| Brief |
The whole listing below should be printed again exactly, with no images.
[Start of section]
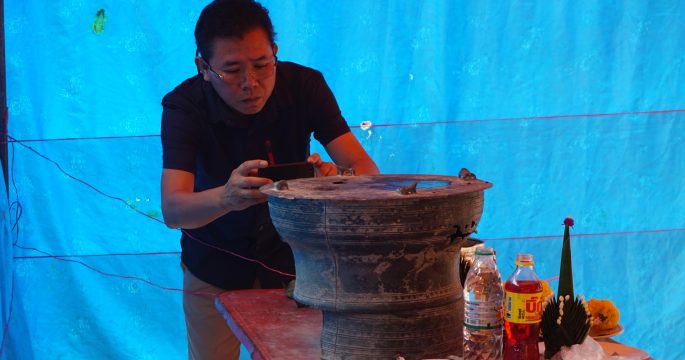 นักโบราณคดีเก็บรายละเอียดข้อมูลกลองสำริดที่ชาวบ้านนครพนมขุดพบ เตรียมขึ้นทะเบียนเป็นสมบัติของชาติ ระบุเป็นกลองโบราณใช้ในพิธีศักดิ์สิทธิ์ สันนิษฐานสร้างในยุคองค์พระธาตุพนม
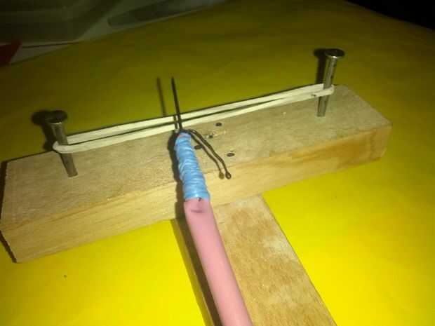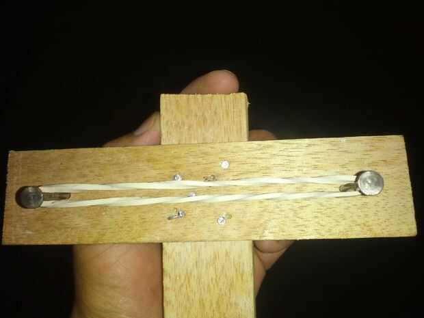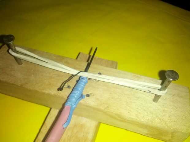 Usted necesita encontrar una técnica, puede mover la goma elástica en la altura del que sobresalen clavos y también, puedes cambiar la posición del dardo, práctica!
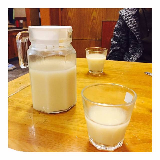 逛完也到五点了,然后我们就往前走,就去全州拌饭吃饭,我们在的时候前面就排了30多桌了,但是等的还挺快的,一会儿等着十分钟就到我们。个人不太爱吃那个拌饭,炸鱿鱼打包带走了,最爱喝那个米酒真的很好喝,全都喝了,推荐还是人多去比较好,可以多吃几样吃的。
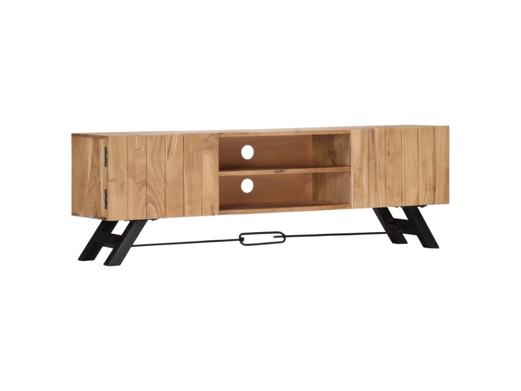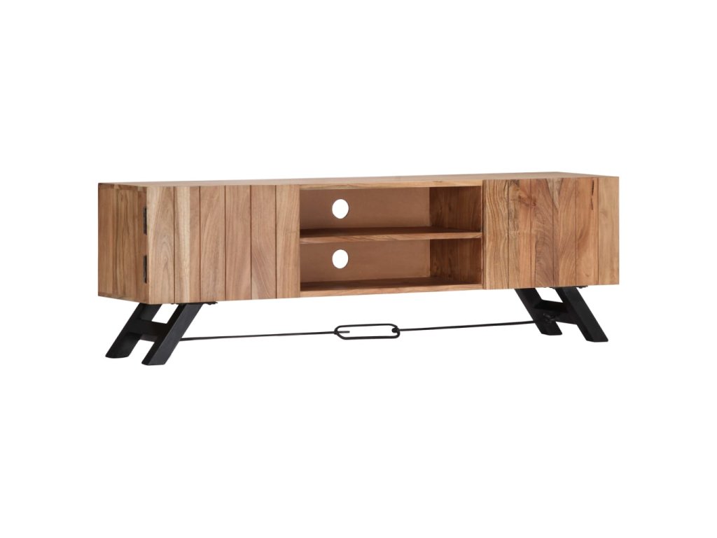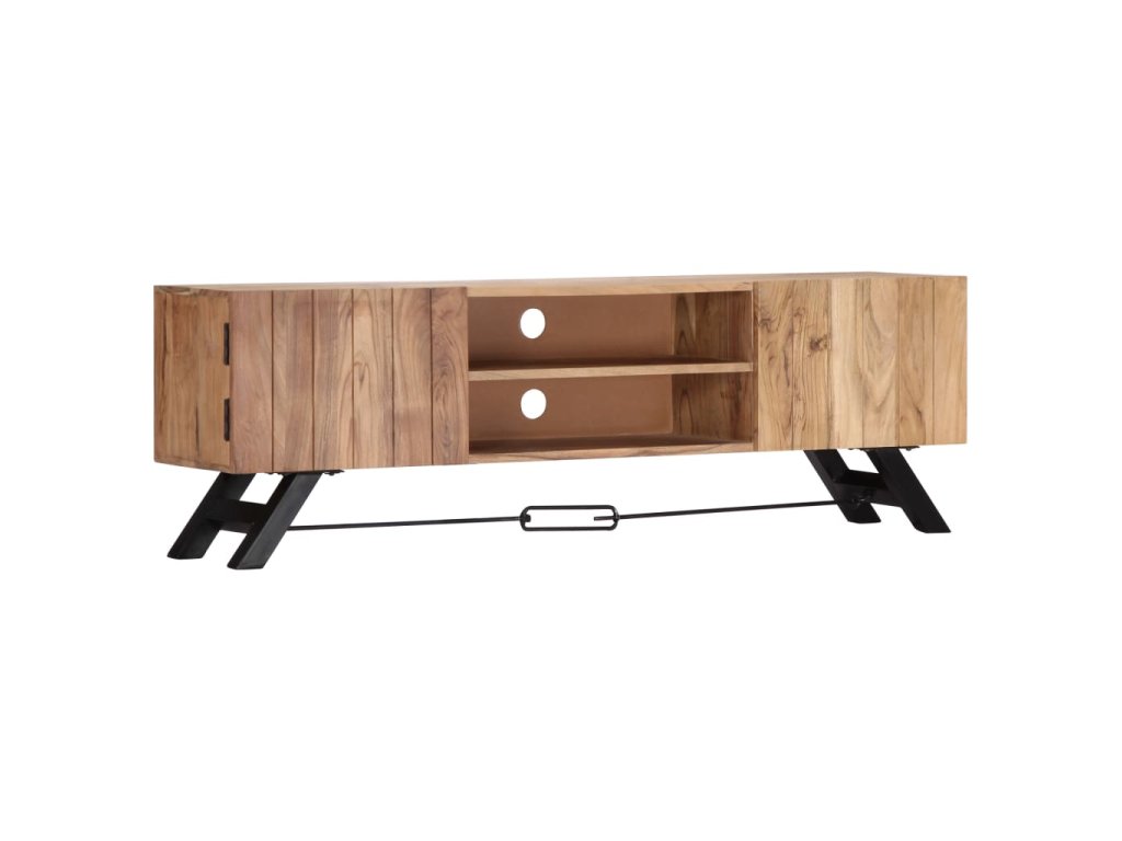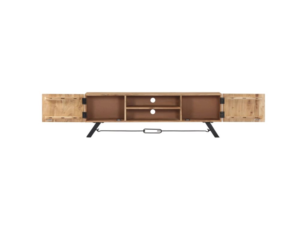 Odkládací skříňka je vyrobena z masivního akáciového dřeva s povrchovou úpravou, které vděčí za svůj překrásný vzhled. Kromě půvabného designu se může pochlubit také výjimečnou stabilitou, odolností a estetičností. Skříňka je navíc celá ručně vyrobená a elegantní kresba dřeva činí každý kus nábytku zcela jedinečným a lehce odlišným od ostatních. Stolek pod televizi disponuje 2 přihrádkami a 2 zavíracími skříňkami, které vám poskytnou spoustu místa, kde si můžete uspořádat svá multimediální zařízení, knížky, boty a nejrůznější další věci.
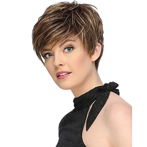 Parrucca capelli sintetici realistici, corti e lisci, colore biondo misto, folta, da donna, ad alta densità, alla moda, per uso quotidiano, feste, Halloween, lunghezza 20 cm
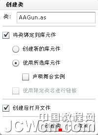 创建类的方法同第3步。首先选中库中的AAGun元件,打开项目面板创建类。在"将类邦定到库元件"前面打勾,点下"使用所选库元件"的单选按钮。图:邦定库元件
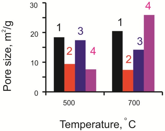 The samples were prepared using various methods of functionalization of the oxide matrix: a one-stage synthesis where the active component was incorporated at the stage of sol formation (S-series), and the PT, where the formation of nanoparticles occurred in the presence of a support (P-series) using acetate and cerium chloride as a support precursor (Table 1). All synthesized materials had a type H3 hysteresis loop on their adsorption isotherm with a type IV (Figure S2) characteristic of adsorbents formed by plane-parallel particles. Indeed, it was shown by SEM that catalyst samples prepared from cerium chloride by a one-stage synthesis were irregularly shaped plates with a polydisperse pore system (Figure S3). The evaluation of the uniformity of the doping cation distribution using SEM confirmed the homogeneity of the materials obtained. The hysteresis at p/po = 0.5 ÷ 0.9 indicated the presence of a predominantly textural mesoporosity [50]. Compared to the corresponding support, the catalysts showed a drop of BET surface areas (SBET), pore volumes (Vpore), and average pore diameters (Dpore), which indicated that the NiO particles were located in the pores of the mesoporous CeO2-MgO. In the differential pore distribution curve of the catalyst, the maximum shifted towards larger pore sizes and the curve broadened when cerium chloride was used instead of cerium acetate (SI, Figure S3). The Ni/CeMg-A-S-V samples prepared from cerium acetate by the one-stage synthesis and activated in vacuum had the narrowest distribution of pore sizes, being apparently associated with less pore clogging. Dpore increased when Ce(III) chloride was used as a support precursor, for an A catalyst calcined in air, and with a rise in the calcination temperature (Figure 1). In the first case, large pores were formed already at the stage of sol formation; in the second and third cases, the destruction of the mesoporous structure of the support proceeded with an increase in the activation temperature. The decomposition of support precursors was an exothermic reaction; the release of heat led to the combustion of the template in air and a spontaneous increase in temperature. Dpore of the Ni/CeMg-A-S-V and Ni/CeMg-A-S-O catalysts prepared from cerium acetate by the one-stage synthesis did not increase with increasing temperature (Figure 1). Thus, to create a stable mesoporous structure with a smaller pore size of Ni/CeMg catalysts, we had to use the one-stage synthesis, cerium acetate as a precursor, and an activation in vacuum.
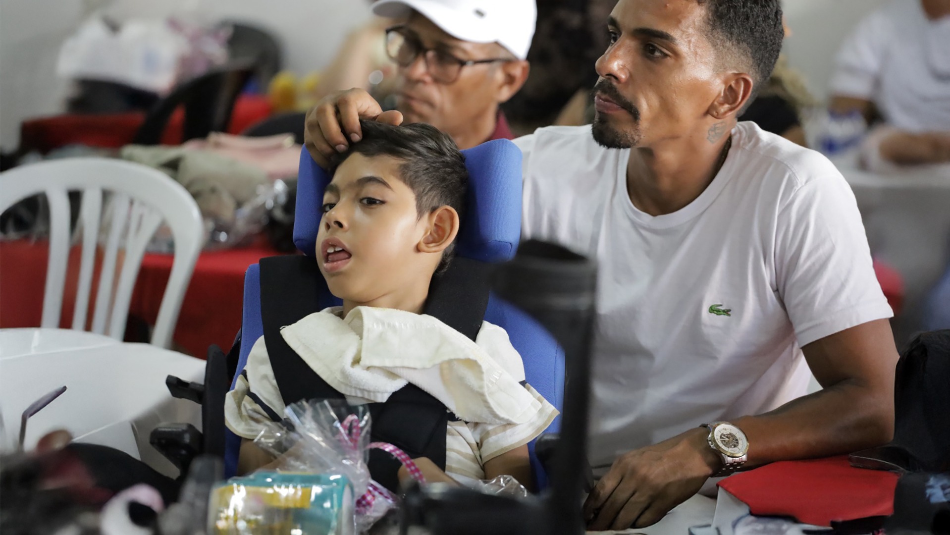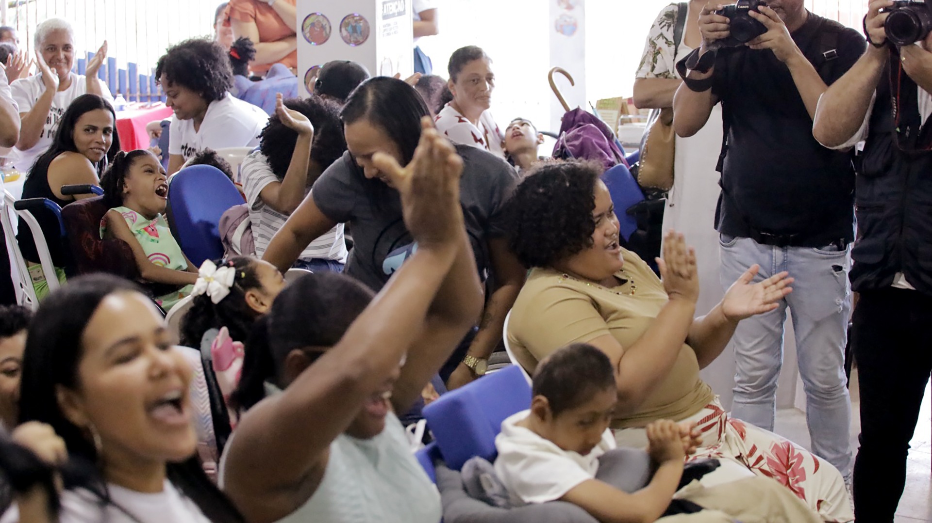 Imagem destaca a presença, no evento, de crianças afetadas pelo Zika Vírus.
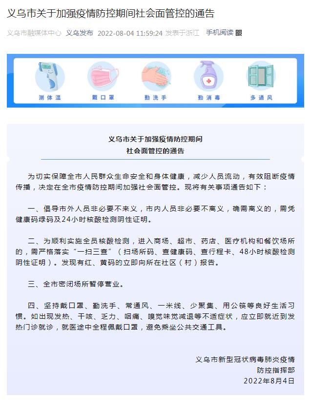 中新網(wǎng)8月4日電 據(jù)“義烏發(fā)布”微信公眾號(hào)消息,浙江省義烏市新型冠狀病毒肺炎疫情防控指揮部4日發(fā)布義烏市關(guān)于加強(qiáng)疫情防控期間社會(huì)面管控的通告。通告指出,為切實(shí)保障全市人民群眾生命安全和身體健康,減少人員流動(dòng),有效阻斷疫情傳播,決定在全市疫情防控期間加強(qiáng)社會(huì)面管控。
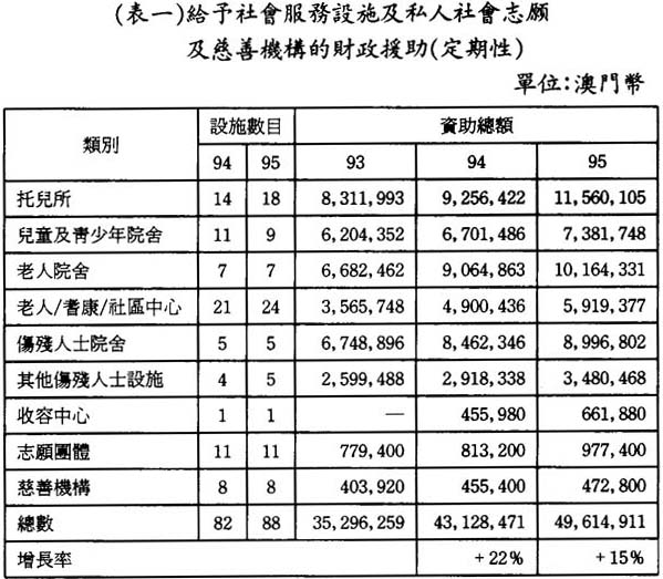 從表一知1994年給予私人服務機構的財政資助增長了22%,而1995年則增長了15%,從其增長幅度顯示了政府對這些服務設施的依賴和重視。
[End of section]
| Solution |
 นักโบราณคดีเก็บรายละเอียดข้อมูลกลองสำริดที่ชาวบ้านนครพนมขุดพบ เตรียมขึ้นทะเบียนเป็นสมบัติของชาติ ระบุเป็นกลองโบราณใช้ในพิธีศักดิ์สิทธิ์ สันนิษฐานสร้างในยุคองค์พระธาตุพนม
 Usted necesita encontrar una técnica, puede mover la goma elástica en la altura del que sobresalen clavos y también, puedes cambiar la posición del dardo, práctica!
 逛完也到五点了,然后我们就往前走,就去全州拌饭吃饭,我们在的时候前面就排了30多桌了,但是等的还挺快的,一会儿等着十分钟就到我们。个人不太爱吃那个拌饭,炸鱿鱼打包带走了,最爱喝那个米酒真的很好喝,全都喝了,推荐还是人多去比较好,可以多吃几样吃的。
 Odkládací skříňka je vyrobena z masivního akáciového dřeva s povrchovou úpravou, které vděčí za svůj překrásný vzhled. Kromě půvabného designu se může pochlubit také výjimečnou stabilitou, odolností a estetičností. Skříňka je navíc celá ručně vyrobená a elegantní kresba dřeva činí každý kus nábytku zcela jedinečným a lehce odlišným od ostatních. Stolek pod televizi disponuje 2 přihrádkami a 2 zavíracími skříňkami, které vám poskytnou spoustu místa, kde si můžete uspořádat svá multimediální zařízení, knížky, boty a nejrůznější další věci.
 Parrucca capelli sintetici realistici, corti e lisci, colore biondo misto, folta, da donna, ad alta densità, alla moda, per uso quotidiano, feste, Halloween, lunghezza 20 cm
 创建类的方法同第3步。首先选中库中的AAGun元件,打开项目面板创建类。在"将类邦定到库元件"前面打勾,点下"使用所选库元件"的单选按钮。图:邦定库元件
 The samples were prepared using various methods of functionalization of the oxide matrix: a one-stage synthesis where the active component was incorporated at the stage of sol formation (S-series), and the PT, where the formation of nanoparticles occurred in the presence of a support (P-series) using acetate and cerium chloride as a support precursor (Table 1). All synthesized materials had a type H3 hysteresis loop on their adsorption isotherm with a type IV (Figure S2) characteristic of adsorbents formed by plane-parallel particles. Indeed, it was shown by SEM that catalyst samples prepared from cerium chloride by a one-stage synthesis were irregularly shaped plates with a polydisperse pore system (Figure S3). The evaluation of the uniformity of the doping cation distribution using SEM confirmed the homogeneity of the materials obtained. The hysteresis at p/po = 0.5 ÷ 0.9 indicated the presence of a predominantly textural mesoporosity [50]. Compared to the corresponding support, the catalysts showed a drop of BET surface areas (SBET), pore volumes (Vpore), and average pore diameters (Dpore), which indicated that the NiO particles were located in the pores of the mesoporous CeO2-MgO. In the differential pore distribution curve of the catalyst, the maximum shifted towards larger pore sizes and the curve broadened when cerium chloride was used instead of cerium acetate (SI, Figure S3). The Ni/CeMg-A-S-V samples prepared from cerium acetate by the one-stage synthesis and activated in vacuum had the narrowest distribution of pore sizes, being apparently associated with less pore clogging. Dpore increased when Ce(III) chloride was used as a support precursor, for an A catalyst calcined in air, and with a rise in the calcination temperature (Figure 1). In the first case, large pores were formed already at the stage of sol formation; in the second and third cases, the destruction of the mesoporous structure of the support proceeded with an increase in the activation temperature. The decomposition of support precursors was an exothermic reaction; the release of heat led to the combustion of the template in air and a spontaneous increase in temperature. Dpore of the Ni/CeMg-A-S-V and Ni/CeMg-A-S-O catalysts prepared from cerium acetate by the one-stage synthesis did not increase with increasing temperature (Figure 1). Thus, to create a stable mesoporous structure with a smaller pore size of Ni/CeMg catalysts, we had to use the one-stage synthesis, cerium acetate as a precursor, and an activation in vacuum.
 Imagem destaca a presença, no evento, de crianças afetadas pelo Zika Vírus.
 中新網(wǎng)8月4日電 據(jù)“義烏發(fā)布”微信公眾號(hào)消息,浙江省義烏市新型冠狀病毒肺炎疫情防控指揮部4日發(fā)布義烏市關(guān)于加強(qiáng)疫情防控期間社會(huì)面管控的通告。通告指出,為切實(shí)保障全市人民群眾生命安全和身體健康,減少人員流動(dòng),有效阻斷疫情傳播,決定在全市疫情防控期間加強(qiáng)社會(huì)面管控。
 從表一知1994年給予私人服務機構的財政資助增長了22%,而1995年則增長了15%,從其增長幅度顯示了政府對這些服務設施的依賴和重視。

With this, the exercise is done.